To do:
Quote the entries below from the line with "Opis: Ženska košulja" through the line with "Erfreuen Sie sich", both ends included, and only those lines.

Data for processing:
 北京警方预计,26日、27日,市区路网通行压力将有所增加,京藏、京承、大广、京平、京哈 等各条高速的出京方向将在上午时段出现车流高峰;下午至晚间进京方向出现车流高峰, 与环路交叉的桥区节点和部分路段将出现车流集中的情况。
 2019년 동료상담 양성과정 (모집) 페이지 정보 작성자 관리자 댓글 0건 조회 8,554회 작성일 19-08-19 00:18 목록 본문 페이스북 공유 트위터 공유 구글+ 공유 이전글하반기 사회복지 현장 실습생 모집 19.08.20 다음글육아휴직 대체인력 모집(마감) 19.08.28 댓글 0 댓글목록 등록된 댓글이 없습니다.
* * *
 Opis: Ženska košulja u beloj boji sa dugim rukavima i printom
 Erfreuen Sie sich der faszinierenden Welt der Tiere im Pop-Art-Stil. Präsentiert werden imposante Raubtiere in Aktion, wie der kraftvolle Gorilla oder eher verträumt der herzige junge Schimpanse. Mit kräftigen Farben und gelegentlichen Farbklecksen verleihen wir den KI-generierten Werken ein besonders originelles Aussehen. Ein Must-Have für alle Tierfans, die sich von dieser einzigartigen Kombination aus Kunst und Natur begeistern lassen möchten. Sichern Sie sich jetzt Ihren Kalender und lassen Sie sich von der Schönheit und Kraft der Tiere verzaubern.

Written answer:
 Opis: Ženska košulja u beloj boji sa dugim rukavima i printom
 Erfreuen Sie sich der faszinierenden Welt der Tiere im Pop-Art-Stil. Präsentiert werden imposante Raubtiere in Aktion, wie der kraftvolle Gorilla oder eher verträumt der herzige junge Schimpanse. Mit kräftigen Farben und gelegentlichen Farbklecksen verleihen wir den KI-generierten Werken ein besonders originelles Aussehen. Ein Must-Have für alle Tierfans, die sich von dieser einzigartigen Kombination aus Kunst und Natur begeistern lassen möchten. Sichern Sie sich jetzt Ihren Kalender und lassen Sie sich von der Schönheit und Kraft der Tiere verzaubern.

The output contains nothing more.